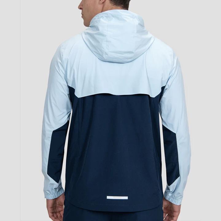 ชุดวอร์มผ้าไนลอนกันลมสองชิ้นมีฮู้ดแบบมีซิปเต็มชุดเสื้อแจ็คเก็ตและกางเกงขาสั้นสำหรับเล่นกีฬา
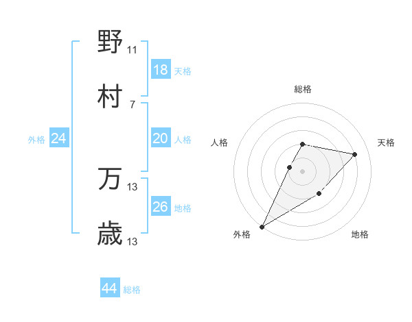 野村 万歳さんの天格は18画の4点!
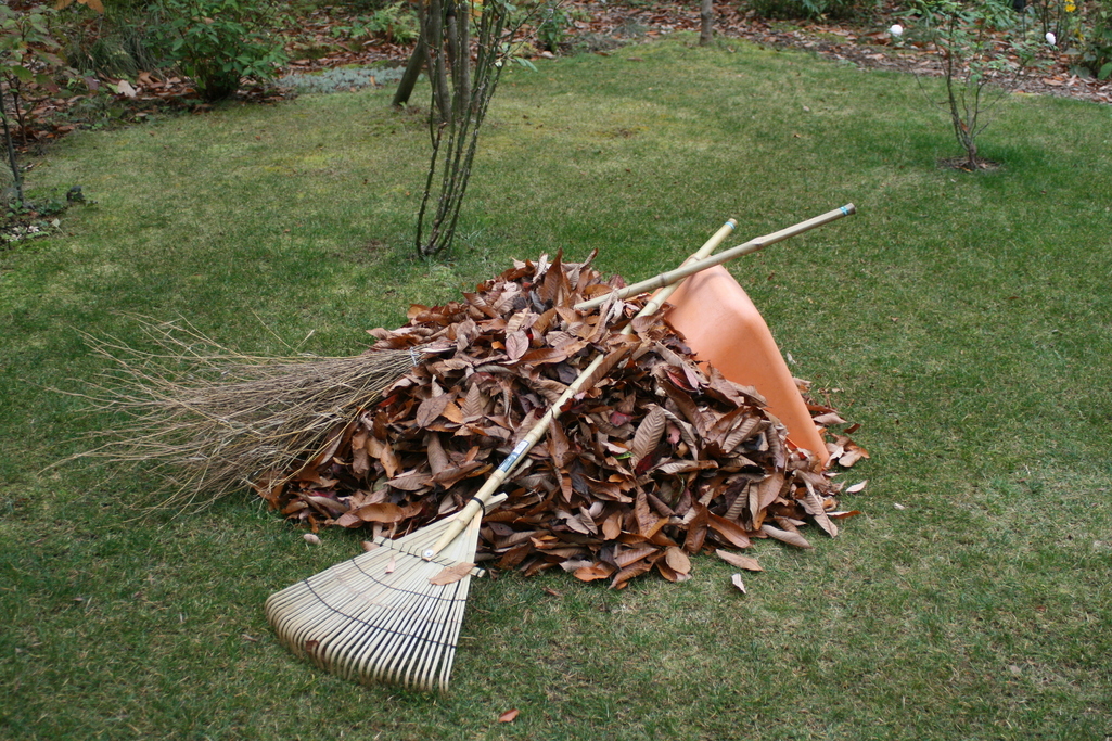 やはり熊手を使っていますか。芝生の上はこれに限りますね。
************
= WHAT IS EXPECTED =
With images omitted, retype the data word for word.

= TASK RESULT =
 ชุดวอร์มผ้าไนลอนกันลมสองชิ้นมีฮู้ดแบบมีซิปเต็มชุดเสื้อแจ็คเก็ตและกางเกงขาสั้นสำหรับเล่นกีฬา
 野村 万歳さんの天格は18画の4点!
 やはり熊手を使っていますか。芝生の上はこれに限りますね。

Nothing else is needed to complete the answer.